To do this you simply have to write an ordinary text file using some text editor, save it somewhere, and then execute it as an SQL script.
If you look inside the scripts directory of the SpatiaLite pack you have downloaded, you'll find a export-all.sql file.
Open and read it with your favorite text editor:

--
-- this SQL script automates shapefile export
--
-- all table of test.db are dumped as shapefiles
--

SELECT DumpShapefile('Towns', 'POINTS','shape_towns', 'GaiaGeometry');
SELECT DumpShapefile('HighWays', 'LINESTRINGS', 'shape_highways', 'GaiaGeometry');
SELECT DumpShapefile('Regions', 'POLYGONS', 'shape_regions', 'GaiaGeometry');
  1. lines starting with a double hyphen [--] are comments, and are not executed.
  2. other lines are exactly the same you have just manually typed in the last exercise.
  3. DumpShapefile() is just another alias name that identifies the ExportShapefile() function.
To execute this SQL script you just have to type:
sqlite> .read export-all.sql

It's very easy and simple, isn't it? Even if you are a GUI tools addict [and thus you judge shell environments to be very primitive, obsolete and awful things, and you hate them], you must admit that this one is the simplest and quickest way of exporting a whole GIS project at a snap you've ever seen since now.

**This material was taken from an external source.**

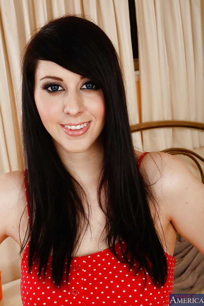 Девица с красивыми волосами темного цвета, кокетливо приподнимает красный сарафанчик. Она хочет немного пошалить со своим нежным телом. Дотронувшись до своей груди и пирсингу на сосочках, распутная телка кайфонула от прикосновения. Ее вагина так и манила к себе, и она принялась наслаждать свою пылающую плоть шаловливыми пальчиками до полного удовлетворения.

3.2 Creating a new SpatiaLite db and populating it

Now you surely have some shapefiles, at least the ones you've just exported.
So in this example we are going to create from scratch a brand-new, empty database and then feeding it with our shapefiles.
Creating a new SQLite database is really simple; you just have to start a new SQLite session:
sqlite3 my_new_db.db

When SQLite begins a new session, if the db you requested didn't exists, it will create a new one.
SQLite version 3.x.x
enter ".help" for instructions
sqlite>


the SQLite session begins, and is currently connected to the test.db database;
now type the following commands to set the various options for output formatting:
sqlite> .nullvalue NULL
sqlite> .headers on
sqlite> .mode column
sqlite>.load 'SpatiaLite.dll'
sqlite>
That's always the same standard stuff, you already know ...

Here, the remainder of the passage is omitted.